To go beyond that more global changes of the MD algorithm would be needed. For example one could store the positions and velocities of the particles as `SVector` (from `StaticArrays`), allowing the compiler to unroll the inner loops for computing the distances.

In practice one would furthermore employ a neighbour list (i.e. a list of all atoms within a certain cutoff range) to break the double loop over particles (`O(N^2)`) into a single loop over the neighbour list.
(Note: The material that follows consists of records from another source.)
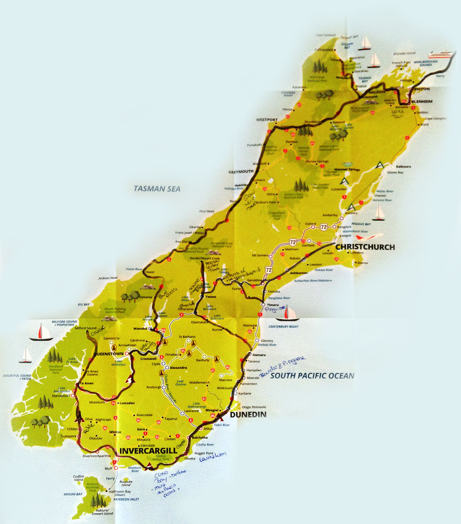 In den folgenden sechs Wochen wollten wir zunächst – mit Abstechern ins Inland – von Christchurch aus die Ostküste der Südinsel herunterfahren, durch die Berge und dann an der Westküste wieder ans Nordende der Insel zurück. Von Picton aus würde es mit der Fähre auf die Nordinsel gehen, wo wir uns von Wellington aus in den Norden vorarbeiten würden, um dann schließlich bis nach Cape Reinga, dem Nördlichsten Zipfel Neuseelands zu fahren.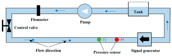 Subsequently, we constructed the platform illustrated in Figure 12 to conduct indoor experiments, further validating the applicability and recognition accuracy of the designed algorithm. The experimental setup included a tank, pump, Flomaster, and control valve, with careful consideration given to the impact of mud pump noise on pulse signals. To ensure comprehensive data collection, the experimental system includes two pressure sensors. Pressure sensor P1, positioned near the pulse generator was utilized to capture mud pulse signals, while pressure sensor P2 served as a backup. The inclination was set from 5° to 55°, conducting experiments at intervals of 10°. Filtering was applied to the pulse signals collected by the pressure sensor. Figure 13 illustrates the raw and filtered signals at inclinations of 5°, with schematic diagrams of signals at other inclinations provided in Appendix A.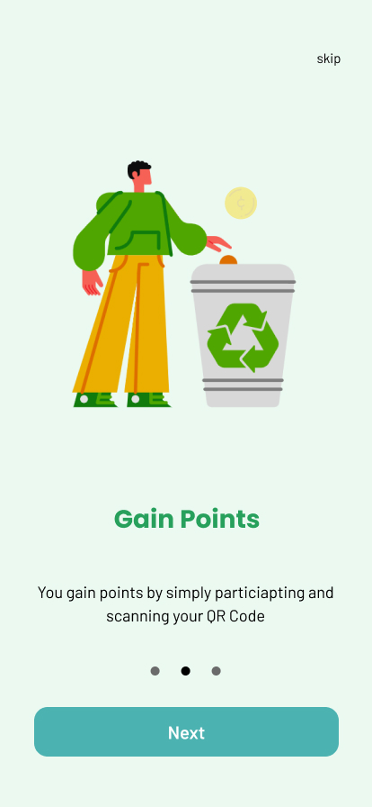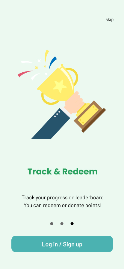 A points' tracker is present on the homepage that allows users to keep track of their rewards. In order to keep users motivated and engaged, positive reinforcement messages are sent daily. Additionally, a QR code scanner is implemented which will be used for verification and adding the respective points to the user’s account. Furthermore, the gamification aspect added is incorporated via a leaderboard where user’s can compete with one another and see who gets the most points. The leaderboard is reset every semester. Finally, weekly reminders are provided on the user’s homepage where they can see the available tasks to gain points. These points can be redeemed in terms of discounts from campus stores or through donations to environmentally conscious NGO’s.

#### 2. Parallelism and speed:

Again the simplest way to parallelise the loop is using `FLoops`:

In [None]:
using FLoops

function Vtot(Vpair, x)
    n_particles = size(x, 2)
    accu = zero(eltype(x))   # Get a zero of the appropriate type
    @floop for i in 1:n_particles
        @init local_accu = zero(eltype(x))  # Initialise thread-local accumulator
        for j in i+1:n_particles
            # Note: Since we accumulate into thread-local storage,
            # we don't need to use the blocking `@reduce` macro here.
            local_accu += @inbounds @views Vpair(norm(x[:, i] .- x[:, j]))
        end
        @reduce accu += local_accu  # Accumulate
    end
    accu
end

Again, here also more clever improvements would be possible (e.g. better chunking of the data etc.), but the coding effort will be larger.

# [02_Types_Specialisation](02_Types_Specialisation.ipynb)

1. It only needs to store the length and the position of the one-bit.

2. A possible definition of the type is:

In [None]:
struct OneHot
    len::Int  # Length
    ind::Int  # Index of the one-bit
end 

3. To support the indicated piece of code we need the following functions frome base:

In [None]:
import Base: *, getindex, length

length(v::OneHot) = v.len
getindex(v::OneHot, i::Int) = i == v.ind
*(A::AbstractMatrix, v::OneHot) = A[:, v.ind]

4. We benchmark the `innersum` for both indicated cases:

In [None]:
function innersum(A, vs)
    t = zero(eltype(A))
    for v in vs
        y = A * v
        for i in 1:length(vs[1])
            t += v[i] * y[i]
        end
    end
    t
end

In [None]:
using BenchmarkTools
A = rand(3, 3)
vs_float  = [rand(3)              for i in 1:10]
vs_onehot = [OneHot(3, rand(1:3)) for _ in 1:10]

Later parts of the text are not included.